According to an anonymous political scientist still working in Russia, a kind of ‘protest subculture’ has survived in Russian universities. Rejecting self-censorship, students continue to discuss recent political events, exchange perspectives from independent media and establish informal discussion groups on feminism and philosophy. Meanwhile, educators quietly subvert official curricula in the classroom. As documented by the University Platform, a session officially devoted to the "reunification of Crimea with Russia" may instead become a lecture on the peninsula’s physical geography, while the textbook for Foundations of Russian Statehood is sometimes read aloud for the sole purpose of exposing it to ridicule.

Collective actions occasionally surface openly. One notable example is the student campaign against the establishment of the Higher Political School at the Russian State University for the Humanities (RGGU). Named after Ivan Ilyin, a twentieth-century fascist philosopher frequently cited by Vladimir Putin, and headed by the far-right ideologue Alexander Dugin, the school quickly became the target of student protests. Although the campaign could not prevent its creation, it led to the emergence of the Student Antifascist Front, a multi-campus left-wing movement dedicated to opposing the resurgence of the far right in higher education and defending students' rights.

Spontaneous campaigns were able to achieve more tangible successes. One recent example was the coordinated opposition to the introduction of the state-controlled messaging app MAX. Owing to collective efforts involving the University Platform, the Student Antifascist Front, and other initiatives, its mandatory introduction was suspended at several universities. Students have also mobilised in defence of university self-government, as demonstrated by campaigns against administrative interference at the Far Eastern Federal University between 2023 and 2025. In other cases, resistance has focused on protecting academic programmes. At the Higher School of Economics in Moscow in 2024, for example, students campaigned, ultimately unsuccessfully, to save the master’s programme in mediaeval studies from closure.

Alongside these forms of resistance, a broader network of independent initiatives continues to operate. Molnia provides legal assistance to students facing unlawful expulsions and political pressure. Independent media outlets such as DOXA, Groza, and T-invariant continue to document repression and expose problems in Russian higher education despite being designated "undesirable organisations" or "foreign agents".

Academic Freedoms

Since the onset of Russia’s full-scale invasion of Ukraine, academic freedom in Russia has deteriorated rapidly. The number of dismissals and expulsions of dissident scholars and students, as well as politically motivated criminal prosecutions, has increased significantly following the adoption of new repressive legislation that further restricts freedom of expression.  Many academics have been forced to leave the country for political reasons. By January 2024, no less than 2,500 researchers had left Russia. The University Platform has argued that repression in Russian academia is not a new phenomenon. Rather, it stems from the neoliberal restructuring of universities and the tightening of financial, political, and ideological state control over higher education and science during the 2010s. However, as documented in the reports by Dmitry Dubrovskiy, Petr Torkanovskiy, and Groza, the scale of systematic interference by state authorities in academic life, as well as the involvement of university administrations in political control and censorship, has reached unprecedented levels.

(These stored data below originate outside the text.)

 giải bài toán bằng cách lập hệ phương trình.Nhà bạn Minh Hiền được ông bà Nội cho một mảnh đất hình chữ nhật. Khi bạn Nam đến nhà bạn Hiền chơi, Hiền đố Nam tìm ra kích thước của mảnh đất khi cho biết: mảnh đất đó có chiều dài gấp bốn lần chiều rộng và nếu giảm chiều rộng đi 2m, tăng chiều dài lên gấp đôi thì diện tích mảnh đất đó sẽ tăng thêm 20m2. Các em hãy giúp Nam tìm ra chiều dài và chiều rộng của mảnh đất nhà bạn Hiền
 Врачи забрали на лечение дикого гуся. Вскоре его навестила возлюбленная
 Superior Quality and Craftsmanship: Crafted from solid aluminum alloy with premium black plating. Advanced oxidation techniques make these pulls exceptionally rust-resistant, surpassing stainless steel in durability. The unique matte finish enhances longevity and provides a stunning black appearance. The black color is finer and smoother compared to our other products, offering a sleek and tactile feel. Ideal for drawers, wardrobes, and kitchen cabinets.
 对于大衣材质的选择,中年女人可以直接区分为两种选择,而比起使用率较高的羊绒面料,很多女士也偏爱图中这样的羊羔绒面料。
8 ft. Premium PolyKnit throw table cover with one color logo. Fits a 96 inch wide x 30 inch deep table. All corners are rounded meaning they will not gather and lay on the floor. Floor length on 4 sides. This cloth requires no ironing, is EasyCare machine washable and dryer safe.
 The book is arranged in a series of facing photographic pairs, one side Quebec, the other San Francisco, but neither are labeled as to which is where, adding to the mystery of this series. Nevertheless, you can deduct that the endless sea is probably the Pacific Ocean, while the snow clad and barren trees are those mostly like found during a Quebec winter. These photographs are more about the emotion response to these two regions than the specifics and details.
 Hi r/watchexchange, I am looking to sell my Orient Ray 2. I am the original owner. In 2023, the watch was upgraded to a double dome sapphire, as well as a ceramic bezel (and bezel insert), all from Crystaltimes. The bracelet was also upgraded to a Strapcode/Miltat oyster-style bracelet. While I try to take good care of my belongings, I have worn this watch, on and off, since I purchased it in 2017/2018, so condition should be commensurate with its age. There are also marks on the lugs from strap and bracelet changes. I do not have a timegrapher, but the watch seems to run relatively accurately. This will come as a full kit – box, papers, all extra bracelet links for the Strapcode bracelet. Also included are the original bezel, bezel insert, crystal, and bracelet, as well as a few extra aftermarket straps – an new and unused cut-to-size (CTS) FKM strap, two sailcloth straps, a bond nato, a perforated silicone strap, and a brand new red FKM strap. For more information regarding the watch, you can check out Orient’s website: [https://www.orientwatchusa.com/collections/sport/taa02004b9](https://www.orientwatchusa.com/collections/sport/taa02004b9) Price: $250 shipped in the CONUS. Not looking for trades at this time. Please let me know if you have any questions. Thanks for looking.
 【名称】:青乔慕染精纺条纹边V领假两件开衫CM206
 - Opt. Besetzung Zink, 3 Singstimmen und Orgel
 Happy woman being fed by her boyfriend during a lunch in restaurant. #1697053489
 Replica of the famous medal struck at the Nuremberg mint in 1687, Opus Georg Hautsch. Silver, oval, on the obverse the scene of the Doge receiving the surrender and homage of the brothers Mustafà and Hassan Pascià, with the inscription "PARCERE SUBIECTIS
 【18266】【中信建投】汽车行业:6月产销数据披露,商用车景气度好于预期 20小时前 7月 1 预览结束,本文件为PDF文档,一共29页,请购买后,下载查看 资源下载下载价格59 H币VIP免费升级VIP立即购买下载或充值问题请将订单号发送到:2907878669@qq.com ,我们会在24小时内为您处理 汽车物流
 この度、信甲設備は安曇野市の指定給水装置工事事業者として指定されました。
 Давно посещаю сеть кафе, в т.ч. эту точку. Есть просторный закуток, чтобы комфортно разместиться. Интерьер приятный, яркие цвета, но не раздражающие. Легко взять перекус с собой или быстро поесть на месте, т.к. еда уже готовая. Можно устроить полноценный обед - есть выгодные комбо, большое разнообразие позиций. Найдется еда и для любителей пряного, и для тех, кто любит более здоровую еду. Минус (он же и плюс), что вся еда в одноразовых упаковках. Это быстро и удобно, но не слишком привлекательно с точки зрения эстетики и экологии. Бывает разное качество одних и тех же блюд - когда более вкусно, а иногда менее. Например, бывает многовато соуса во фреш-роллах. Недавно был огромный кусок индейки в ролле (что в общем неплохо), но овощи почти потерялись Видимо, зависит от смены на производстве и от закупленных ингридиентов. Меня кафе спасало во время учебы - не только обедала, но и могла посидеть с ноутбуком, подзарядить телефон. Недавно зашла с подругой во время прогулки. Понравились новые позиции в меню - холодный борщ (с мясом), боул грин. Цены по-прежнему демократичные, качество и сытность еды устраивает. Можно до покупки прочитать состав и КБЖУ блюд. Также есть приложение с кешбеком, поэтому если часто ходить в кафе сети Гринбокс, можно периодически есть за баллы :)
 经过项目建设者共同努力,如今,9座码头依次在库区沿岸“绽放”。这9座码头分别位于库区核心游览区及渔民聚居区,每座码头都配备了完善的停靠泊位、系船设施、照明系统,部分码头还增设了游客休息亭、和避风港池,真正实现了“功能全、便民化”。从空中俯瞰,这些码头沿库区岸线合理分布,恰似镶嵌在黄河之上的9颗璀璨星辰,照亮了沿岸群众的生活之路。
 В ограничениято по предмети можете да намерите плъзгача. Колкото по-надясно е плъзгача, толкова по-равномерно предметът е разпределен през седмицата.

At least 71 academics have been designated as "foreign agents" since the beginning of the war. Amendments to the foreign agents legislation have effectively barred them from employment at universities, excluding them from the profession. The persecution of independent educational initiatives has also intensified. Between 2022 and 2025, 21 organisations connected to academia were designated as "undesirable", while a further 10 were labelled "foreign agents". 

Meanwhile, the universities are turning into surveillance institutions. The Federal Security Service (FSB) has tightened its control over academic appointments. The state has also intensified its monitoring of students' political views. It conducts large-scale non-anonymous surveys of students about their attitudes toward the war and the government. Students expressing dissenting views have been subjected to various forms of repression. Since 2022, Russian universities have expelled more than 70 students for political reasons and have pressured student councils, further undermining their autonomy.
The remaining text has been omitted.